Oxygen reactive mediators
A woman with petechial rash & menorrhagia .high WBC, low RBC & platelets, petechial rash. PBS shows immature cells .What is likely the diagnosis?
a. Megaloblastic anemia
b. Immune mediated reaction
c. BM infiltration
d. Acute leukemia
d. Acute leukemia
How will you confirm the diagnosis of Acute leukemia?

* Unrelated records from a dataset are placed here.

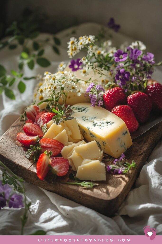 Add edible flowers to your cheese board for a fresh garden vibe.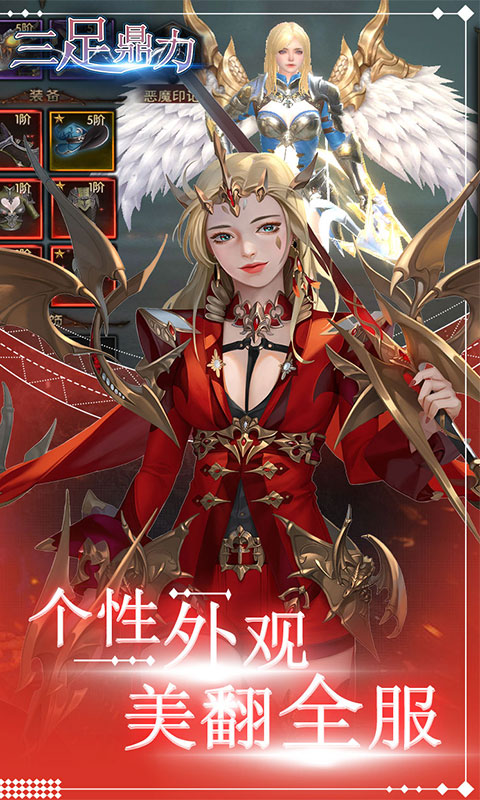 《三足鼎立(送超强神器)》以西方中世纪深渊恶魔入侵为背景,讲述了觉醒的超自然异能者,逐步成长共同对抗黑暗力量的冒险之旅,全新战士、弓箭手双职业设定,组队探险战斗,单人秘境等MMO玩法,独创多武器切换战斗模式,具有策略且多线养成的战斗方式,西方魔幻/机甲/潮流时尚,新颖的美术画风,场景暗黑清晰,富有感染力,界面简洁,沉稳,大气,添加现代元素 丰富游戏内容,避免审美疲劳。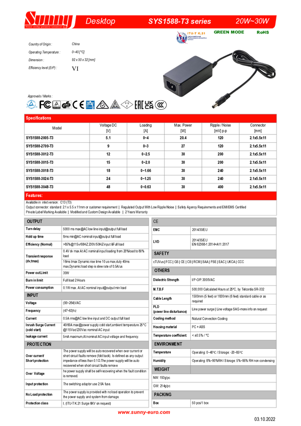 Zasilacz desktop SUNNY 5,1V 4A 20,4W | SYS1588-2005-T3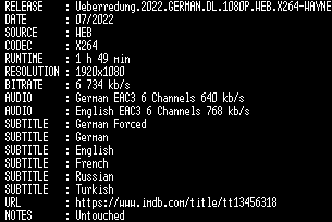 | FiLENAME: | Ueberredung.2022.GERMAN.DL.1080P.WEB.X264-WAYNE.mkv |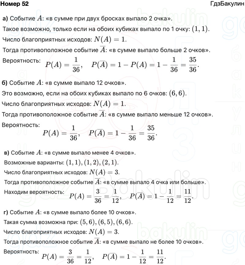 Игральную кость бросают дважды. Опишите словами событие, противоположное событию А, и найдите его вероятность, если событие А состоит в том, что в сумме при двух бросках выпадет: а) 2 очка; б) 12 очков; в) менее 4 очков; г) более 10 очков.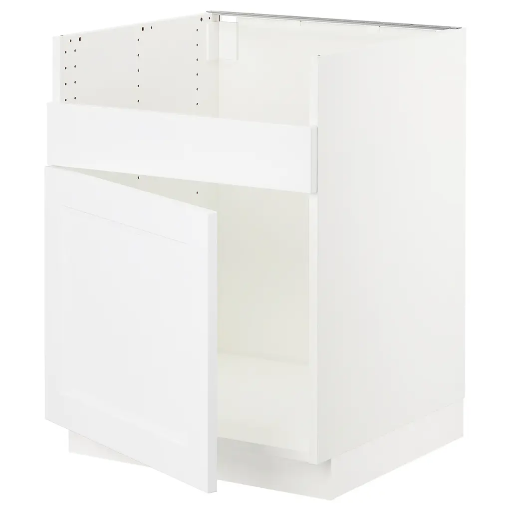 SEKTION Base cabinet for sink - white/Havstorp deep green 24x24x30 ". The door can be mounted to open to the left or right. Sturdy frame construction, ¾" thick. The door damper prevents your cabinet door from slamming by catching the moving door so that it closes slowly, gently and silently.
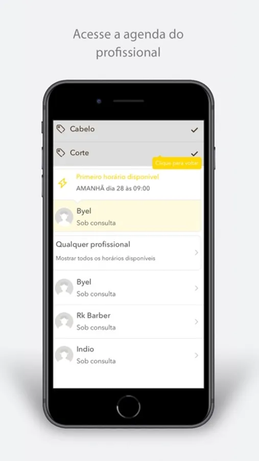 ► Marque horário com seu profissional favorito quando quiser, mesmo que você esteja no trabalho ou fora do horário comercial.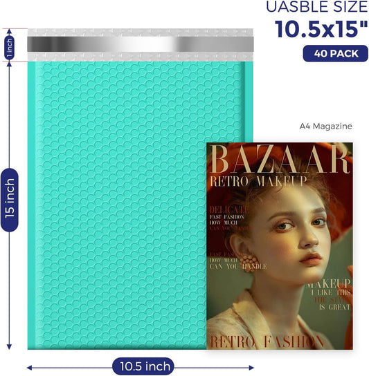 Fuxury Bubble Mailers 10.5x16 Inch 25 Pack Self Seal Padded Envelopes Large Shipping Envelopes Waterproof Padded Mailers Bubble Bags for Mailing, Packaging, Small Business, Teal #5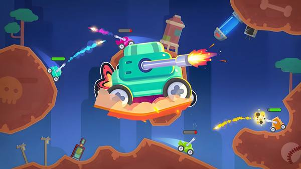 1、坦克的移动跳跃及被击中后的受力反馈都基于真实的物理模拟,操作手感扎实且充满变数,可玩性高。
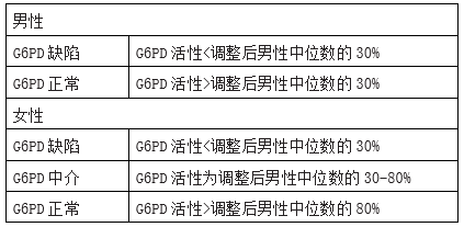 WHO于2016年10月發(fā)布了《葡萄糖-6-磷酸脫氫酶活性檢測體外診斷試劑指導原則》,該指南根據(jù)性別和葡萄糖-6-磷酸脫氫酶活性將人群劃分為正常、缺陷和中介(如表1),F(xiàn)將該指南對分析性能評估的要求概述如下。

a. Biopsy of skin with petechial rash
b. VB12 level
c. Restocitin
d. Coagulation profile
e. BM examination
e. BM examination
A child with joint pain and bleeding, whats the diagnosis?
F VIII defeciency
A patient with high RBC. High hematocrit. High WBC, high platelets. What’s the diagnosis?
PV
Whats the abnormality in PV?
JAK kinase gain of function
What is characterized by philadelphia chromosome?
CML
What causes CML to develop into its blast crisis?
a. Chromosomal trisomies
b. P 53 mutation
c. Chr 16 inversion
a. Chromosomal trisomies
Which conditionis associated with intracytoplasmic rods?
AML
Abnormality associated with AML
a. RARA transcription factor activation
b. P53 gene deletion
c. 2 philadelphia chromosomes
d. Chromosome 16 inversion
d. Chromosome 16 inversion
Where do thymocytes mature?
Thymus
What is the difference between Th1 & Th2?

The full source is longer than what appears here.